Highlight features of interest

Sebastian Gibb

Sebastian visited the group for 3 months in 2014. He did a lot of work on MSnbase and synapter (here) and is still active. Among his many contributions are the addIdentificationData, that adds identification data from mzid files to raw (MSnExp objects) and quantitative (MSnSet objects) data. He also added various raw data processing functions (such as smoothing, peak picking) by leveraging existing code in his MALDIQuant package and support for label-free MS2 quantitation. He also worked on spectra comparison, annotation and visualisation, as illustrated below.

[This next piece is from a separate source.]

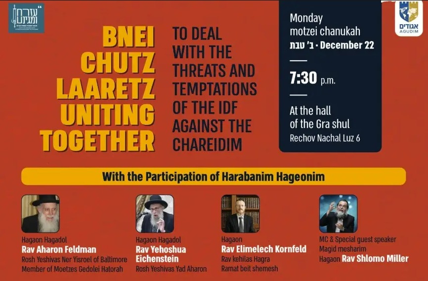 There is no doubt whatsoever that it will be full of nasty lies. Note how it declares that it’s about dealing with the “threats and temptations of the IDF against the chareidim.” It’s going to condemn the excellent IDF programs that have been set up by charedim and for charedim, such as Chashmonaim and Yeshivas Derech Chaim.

Spectum annotation and comparison

Richie Cotton

Richie contributed in supporting mzTab version 1.0, as described in issue #41 from June 2015. I updated his code to fit into the MSnbase infrastructure and annotate some the ontology controlled parameters (using the rols package).

Martina Fischer

In June 2015, Martina contributed a whole new method for feature aggregation, termed iPQF (for Isobaric Protein Quantification based on Features)). iPQF is a new peptide-to-protein summarisation method using peptide spectra characteristics to improve protein quantification. All details in Fischer and Renard, 2016, readily available using combineFeatures(..., method = "iPQF").

Johannes Rainer

Johannes has been instrumental in the recent (October 2016) release of MSnbase version 2.0. During summer 2016, we worked on a new backend for raw data. Instead of loading spectra into memory, as in the original MSnExp implementation, the alternative implementation accesses the raw data from the hard drive on-the-fly only when it is needed. This is made possible by the fast on-disk access provided by the mzR package (here on GitHub) that uses the proteowizard C/C++ code base under the hood. For more details and a direct comparison, see the benchmarking vignette.

This joint work with Johannes aims at providing a common and efficient infrastructure for mass spectrometry data that can be used by the proteomics and metabolomics developers.

Arne Smits

Arne developes the DEP package for differential enrichment analysis of proteomics data and has contributed MSnSet to/from SummarizedExperiment methods, to facilitate the inter-operability between his package and MSnbase.

Seeing that MSnbase is used and attracts attention from other developers is a great reward for me. Thank you all for your valuable contributions!

Updates Since its first publication (2016-11-27), this post has been ammended to add Arne Smits’ contribution (2018-01-04).